New York Times Editorial
September 17, 2001

Intelligence and Terrorism

The rush has already begun to "unshackle" the Central Intelligence Agency and its fellow spy agencies so that they can better combat terrorism. Some easing of restrictions may be warranted in light of last week's terrorist attacks on New York and Washington. But any changes must be carefully weighed by the Bush administration and Congress. The temptation will be great to take steps, including loosening limitations on domestic spying, that could end up compromising important democratic principles without yielding any tangible gain in the fight against terrorism.

Generally, there are fewer restraints on intelligence agencies than popularly assumed, especially when it comes to antiterrorism. The C.I.A., for example, is not barred from recruiting foreign informants with criminal records or a history of involvement in terrorist activities. The recruitment of such people simply has to be approved by senior intelligence officials and there has to be an expectation that the source will produce valuable information.

We would be surprised if these guidelines were the reason there was no warning about last week's attacks. The more likely explanation is that intelligence agencies, with White House and Congressional concurrence, have neglected the cultivation of foreign informants in recent decades in favor of valuable but extremely expensive technical collection systems like spy satellites. These technologies, which can intercept millions of intercontinental phone calls and show a license plate from 200 miles out in space, have served the nation well. They cannot, however, tell the president what Osama bin Laden said yesterday to his henchmen in a mud hut in the mountains of Afghanistan.

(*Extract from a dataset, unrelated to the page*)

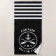 Capitaine ou votre titre avec une Ancre nautique et des voitures croisées avec votre nom de bateau personnalisé Marine Black Beach Towel. Cette serviette personnalisée ne vous permettra pas seulement de vous sécher, mais aussi de vous amuser en conversation. Fait un objet cadeau pour toute occasion.
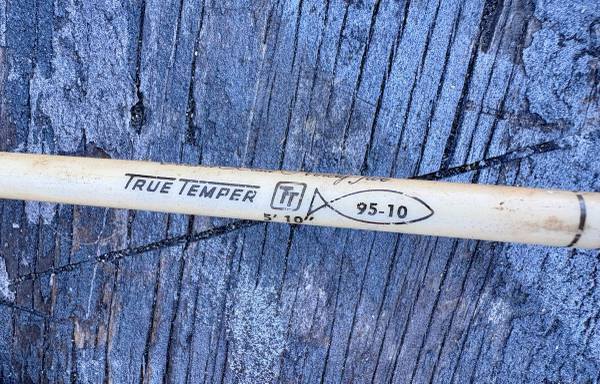 • True Temper 95-10 fiberglass rod, 5’10”, with solid wood handle grip

After last week's assaults on the World Trade Center and the Pentagon, the president and his aides may also understandably want to know what terrorist conspirators are saying to one another in the United States, either in person or over the phone. If communications between just a few of the suicidal hijackers had been intercepted in the days before the attack, perhaps the plot could have been foiled. Obtaining that sort of information involves difficult legal and technical issues that cut directly to Fourth Amendment protections against unreasonable searches and seizures.

The business of tracking down terrorists in the United States belongs primarily to the Federal Bureau of Investigation and other law enforcement agencies, which may now need additional money and staff. With a court order, the F.B.I. can tap specified telephone lines, intercept mail and take other measures to track the activities of suspected terrorists. Attorney General John Ashcroft is seeking expanded wiretap powers for the bureau. Even with that enhanced authority, the F.B.I. would still lack the technology and statutory right to randomly monitor telephone communications within the United States including cellphones in hopes of intercepting information about terrorist plots.

The organization that has the technology to do some of that, the National Security Agency, is limited by law and executive order in monitoring communications within the United States. To target the communications of a suspected terrorist in the United States, the N.S.A. must seek the approval of a special federal court, and show probable cause that the suspect is an agent of a foreign power and is involved in terrorism, espionage or sabotage.

These rules were established in 1978 by the Foreign Intelligence Surveillance Act. There are now bound to be efforts to rewrite that law to give the N.S.A. greater latitude. Some refinement may be possible, but even the most modest change will require the utmost care by the White House and Congress to ensure that this kind of highly intrusive and indiscriminate intelligence gathering is tightly controlled and not subject to abuse.

Other intelligence issues, including the ban on assassinations, will doubtless be revisited in the days ahead. The pressure to relax restrictions is nearly overwhelming, but the nation will not be well served if there is a stampede in Washington to discard restraints that were carefully put in place to reflect and to protect the character and principles of American democracy.